(Given data begins)
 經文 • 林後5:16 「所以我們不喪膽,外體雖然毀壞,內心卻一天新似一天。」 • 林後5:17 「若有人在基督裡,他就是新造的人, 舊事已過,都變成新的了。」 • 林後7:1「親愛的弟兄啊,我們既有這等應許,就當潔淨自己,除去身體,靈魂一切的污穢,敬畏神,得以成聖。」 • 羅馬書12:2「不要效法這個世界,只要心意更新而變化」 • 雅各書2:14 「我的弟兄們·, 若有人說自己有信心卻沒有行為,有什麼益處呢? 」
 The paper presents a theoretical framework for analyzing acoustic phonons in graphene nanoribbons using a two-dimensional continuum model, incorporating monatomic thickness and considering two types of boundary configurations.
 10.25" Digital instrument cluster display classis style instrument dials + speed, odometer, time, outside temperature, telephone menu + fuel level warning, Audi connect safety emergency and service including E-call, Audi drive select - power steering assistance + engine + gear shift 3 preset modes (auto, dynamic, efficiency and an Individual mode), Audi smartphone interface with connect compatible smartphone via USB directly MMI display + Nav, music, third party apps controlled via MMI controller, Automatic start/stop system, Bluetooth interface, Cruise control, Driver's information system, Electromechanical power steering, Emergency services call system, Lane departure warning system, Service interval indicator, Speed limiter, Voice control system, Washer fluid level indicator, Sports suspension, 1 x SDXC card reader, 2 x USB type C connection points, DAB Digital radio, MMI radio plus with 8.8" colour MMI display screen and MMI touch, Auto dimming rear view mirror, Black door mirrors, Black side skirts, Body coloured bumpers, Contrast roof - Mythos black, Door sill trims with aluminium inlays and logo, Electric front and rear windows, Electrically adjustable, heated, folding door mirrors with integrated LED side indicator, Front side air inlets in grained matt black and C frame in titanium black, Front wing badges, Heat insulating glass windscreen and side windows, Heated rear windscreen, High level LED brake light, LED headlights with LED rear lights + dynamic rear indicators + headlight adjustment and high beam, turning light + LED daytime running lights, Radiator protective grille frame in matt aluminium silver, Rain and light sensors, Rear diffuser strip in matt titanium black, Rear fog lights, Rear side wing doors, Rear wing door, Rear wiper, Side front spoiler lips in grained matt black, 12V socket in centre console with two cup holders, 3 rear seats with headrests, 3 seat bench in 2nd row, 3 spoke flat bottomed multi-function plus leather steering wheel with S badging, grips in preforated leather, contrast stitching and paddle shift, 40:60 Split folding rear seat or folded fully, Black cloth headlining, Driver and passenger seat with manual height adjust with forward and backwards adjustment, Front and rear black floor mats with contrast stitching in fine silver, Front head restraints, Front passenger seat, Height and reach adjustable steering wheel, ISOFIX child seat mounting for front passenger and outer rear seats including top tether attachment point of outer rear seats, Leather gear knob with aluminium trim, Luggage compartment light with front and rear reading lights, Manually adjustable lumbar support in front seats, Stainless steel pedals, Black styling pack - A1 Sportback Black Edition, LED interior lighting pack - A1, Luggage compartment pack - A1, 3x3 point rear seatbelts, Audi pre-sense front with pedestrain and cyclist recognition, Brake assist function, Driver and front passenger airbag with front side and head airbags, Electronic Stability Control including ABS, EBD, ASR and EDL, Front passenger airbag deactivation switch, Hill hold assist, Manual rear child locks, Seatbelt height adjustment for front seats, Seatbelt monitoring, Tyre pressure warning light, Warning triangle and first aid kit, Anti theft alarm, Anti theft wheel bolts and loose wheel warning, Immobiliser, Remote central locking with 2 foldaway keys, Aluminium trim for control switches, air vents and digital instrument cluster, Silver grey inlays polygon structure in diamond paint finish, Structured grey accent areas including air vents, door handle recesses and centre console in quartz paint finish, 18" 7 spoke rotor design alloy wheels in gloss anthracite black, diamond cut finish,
(Given data ends)
(Given data begins)
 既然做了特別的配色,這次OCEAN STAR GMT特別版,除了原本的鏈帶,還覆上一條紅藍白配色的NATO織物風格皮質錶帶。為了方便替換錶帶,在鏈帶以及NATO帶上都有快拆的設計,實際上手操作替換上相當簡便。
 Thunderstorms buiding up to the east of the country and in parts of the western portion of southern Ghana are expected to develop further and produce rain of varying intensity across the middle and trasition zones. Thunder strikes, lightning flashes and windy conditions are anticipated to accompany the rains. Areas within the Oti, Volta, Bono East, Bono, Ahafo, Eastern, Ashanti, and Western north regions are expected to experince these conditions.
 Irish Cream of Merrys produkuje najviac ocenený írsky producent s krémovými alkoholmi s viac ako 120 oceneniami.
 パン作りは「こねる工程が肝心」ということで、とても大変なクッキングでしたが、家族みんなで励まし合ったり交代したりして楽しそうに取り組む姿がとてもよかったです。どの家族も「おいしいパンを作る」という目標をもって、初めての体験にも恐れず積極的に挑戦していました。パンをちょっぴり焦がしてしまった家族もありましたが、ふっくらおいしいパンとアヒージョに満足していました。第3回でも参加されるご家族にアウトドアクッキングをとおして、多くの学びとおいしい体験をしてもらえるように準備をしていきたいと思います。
(Given data ends)
Would you copy, unchanged, the stretch of the records above that begins at the line containing "Thunderstorms buiding up" and ends at the line containing "パン作りは「こねる工程が肝心", and only that?

#### [Written solution]
 Thunderstorms buiding up to the east of the country and in parts of the western portion of southern Ghana are expected to develop further and produce rain of varying intensity across the middle and trasition zones. Thunder strikes, lightning flashes and windy conditions are anticipated to accompany the rains. Areas within the Oti, Volta, Bono East, Bono, Ahafo, Eastern, Ashanti, and Western north regions are expected to experince these conditions.
 Irish Cream of Merrys produkuje najviac ocenený írsky producent s krémovými alkoholmi s viac ako 120 oceneniami.
 パン作りは「こねる工程が肝心」ということで、とても大変なクッキングでしたが、家族みんなで励まし合ったり交代したりして楽しそうに取り組む姿がとてもよかったです。どの家族も「おいしいパンを作る」という目標をもって、初めての体験にも恐れず積極的に挑戦していました。パンをちょっぴり焦がしてしまった家族もありましたが、ふっくらおいしいパンとアヒージョに満足していました。第3回でも参加されるご家族にアウトドアクッキングをとおして、多くの学びとおいしい体験をしてもらえるように準備をしていきたいと思います。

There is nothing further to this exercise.